* EXERCISE DIRECTIONS *
Reproduce all of the data below without alteration; exclude every picture.

* RECORDED INFORMATION *

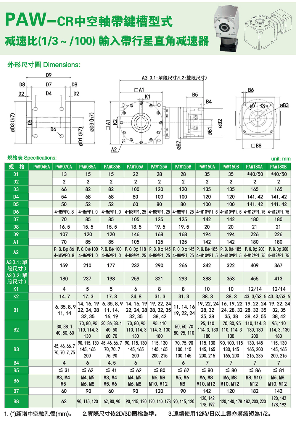 PAW-CR中空軸帶鍵槽型式 輸入帶行星直角減速器
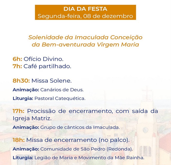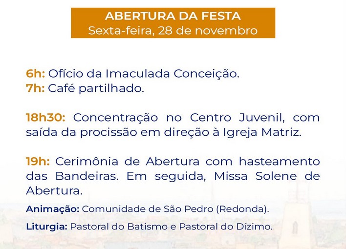 Cita ainda, no comunicado, que no dia 28 de novembro será a abertura da festa e nos dias seguintes, de 29 de novembro a 7 de dezembro acontece o novenário, sempre às 19h. A solenidade da Imaculada Conceição no dia 8 de dezembro, com missa solene e procissão de encerramento. “Venha a celebrar conosco este tempo de graça e alegria!”, completa o sacerdote.
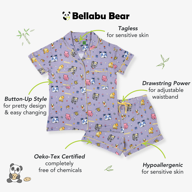Level up your loungewear with the Minecraft Pixel Pals Bamboo Women's Pajama Short Set—where comfort meets the pixel-perfect world of Minecraft. Crafted from ultra-soft, breathable bamboo fabric with a touch of stretch, this pajama set is designed to move with you through every cozy quest. The short-sleeve top and drawstring shorts keep you cool and comfy whether you're building dream worlds or relaxing in the real one. With a playful Pixel Pals print and eco-friendly materials, it's the perfect blend of fun, function, and sustainability. Hypoallergenic, moisture-wicking, and Oeko-Tex certified, this set is ideal for sensitive skin and sweet dreams. Sleep, lounge, or play—this is your new favorite uniform for overworld adventures and well-deserved downtime.
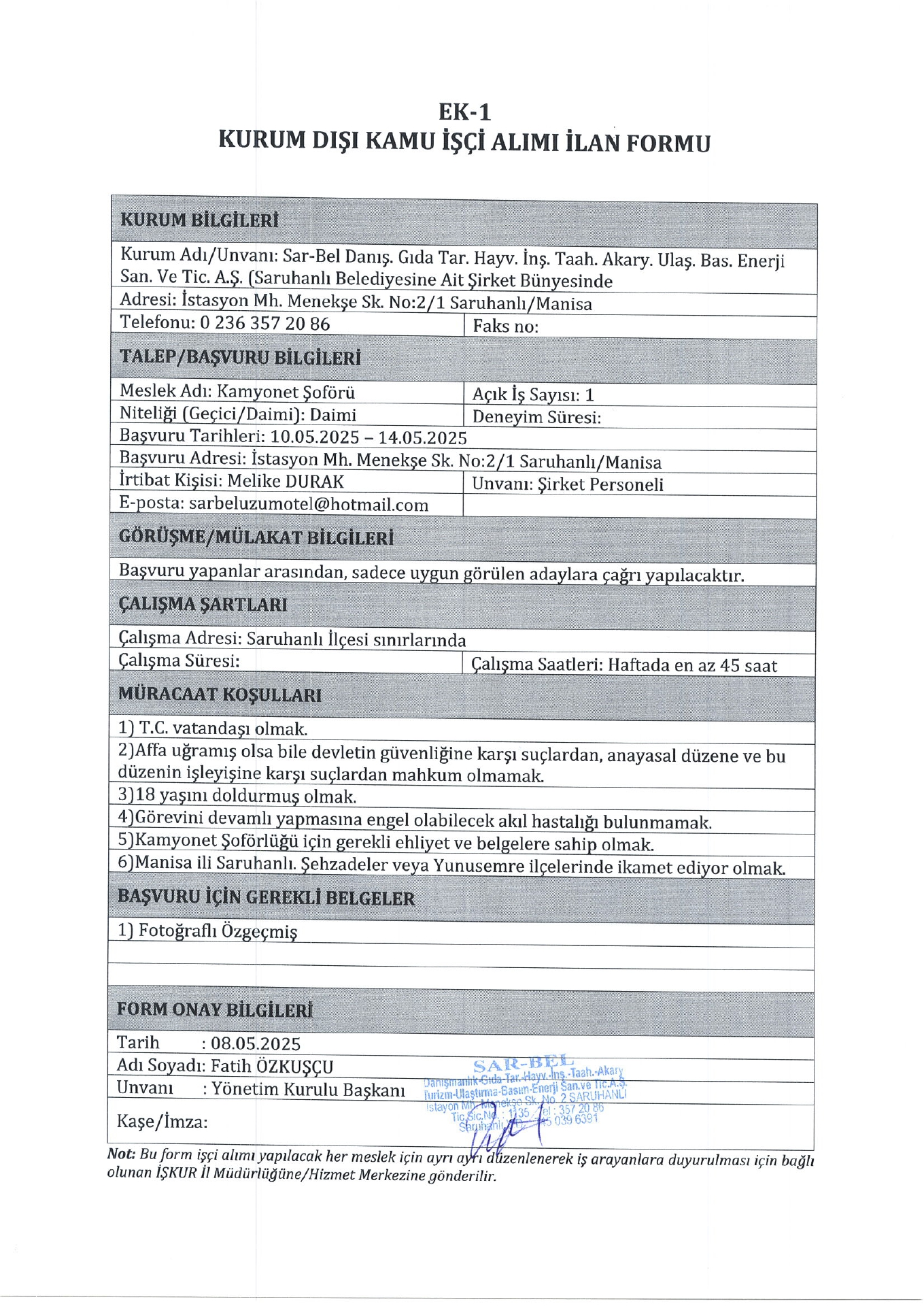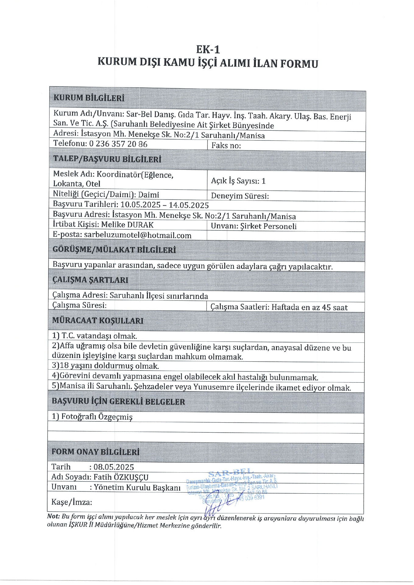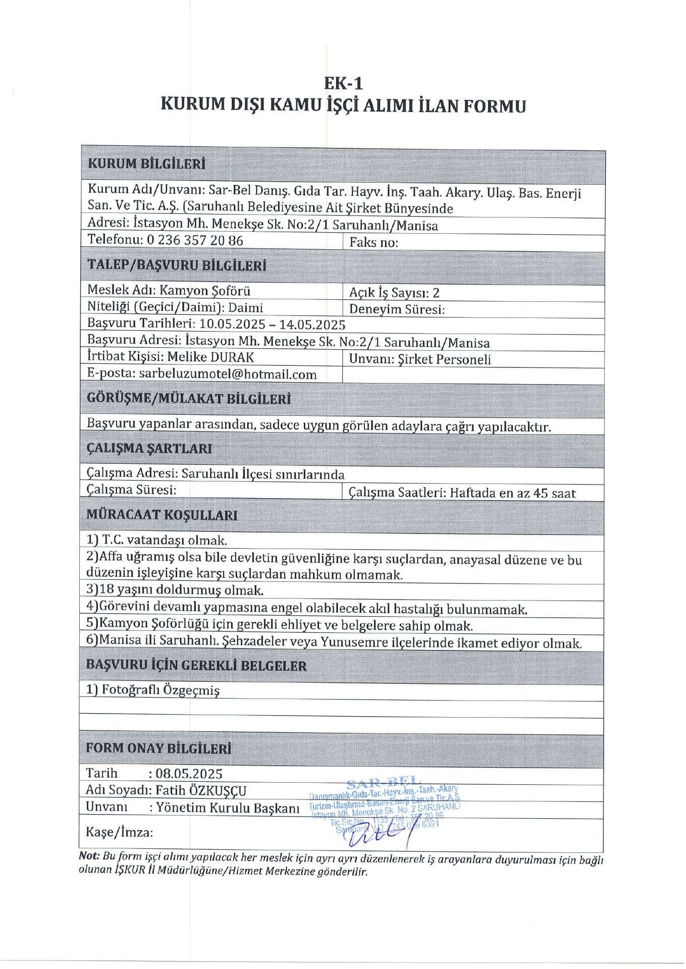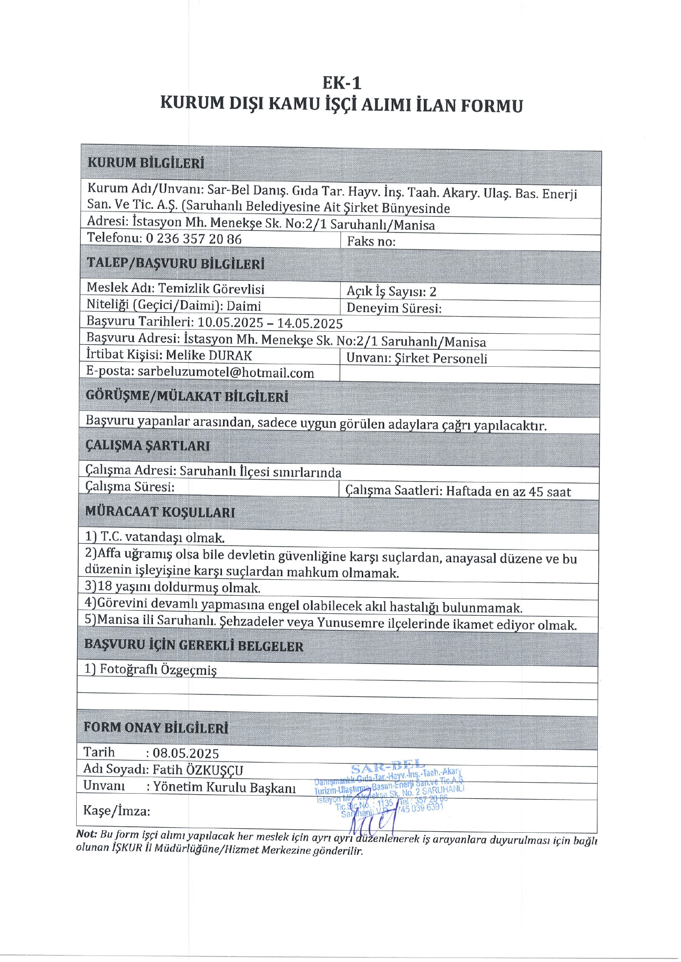 Manisa Sarbel 23 İşçi Alacak. Son başvuru tarihi 14 mayıs 2025

* TASK OUTPUT *
 PAW-CR中空軸帶鍵槽型式 輸入帶行星直角減速器
 Cita ainda, no comunicado, que no dia 28 de novembro será a abertura da festa e nos dias seguintes, de 29 de novembro a 7 de dezembro acontece o novenário, sempre às 19h. A solenidade da Imaculada Conceição no dia 8 de dezembro, com missa solene e procissão de encerramento. “Venha a celebrar conosco este tempo de graça e alegria!”, completa o sacerdote.
Level up your loungewear with the Minecraft Pixel Pals Bamboo Women's Pajama Short Set—where comfort meets the pixel-perfect world of Minecraft. Crafted from ultra-soft, breathable bamboo fabric with a touch of stretch, this pajama set is designed to move with you through every cozy quest. The short-sleeve top and drawstring shorts keep you cool and comfy whether you're building dream worlds or relaxing in the real one. With a playful Pixel Pals print and eco-friendly materials, it's the perfect blend of fun, function, and sustainability. Hypoallergenic, moisture-wicking, and Oeko-Tex certified, this set is ideal for sensitive skin and sweet dreams. Sleep, lounge, or play—this is your new favorite uniform for overworld adventures and well-deserved downtime.
 Manisa Sarbel 23 İşçi Alacak. Son başvuru tarihi 14 mayıs 2025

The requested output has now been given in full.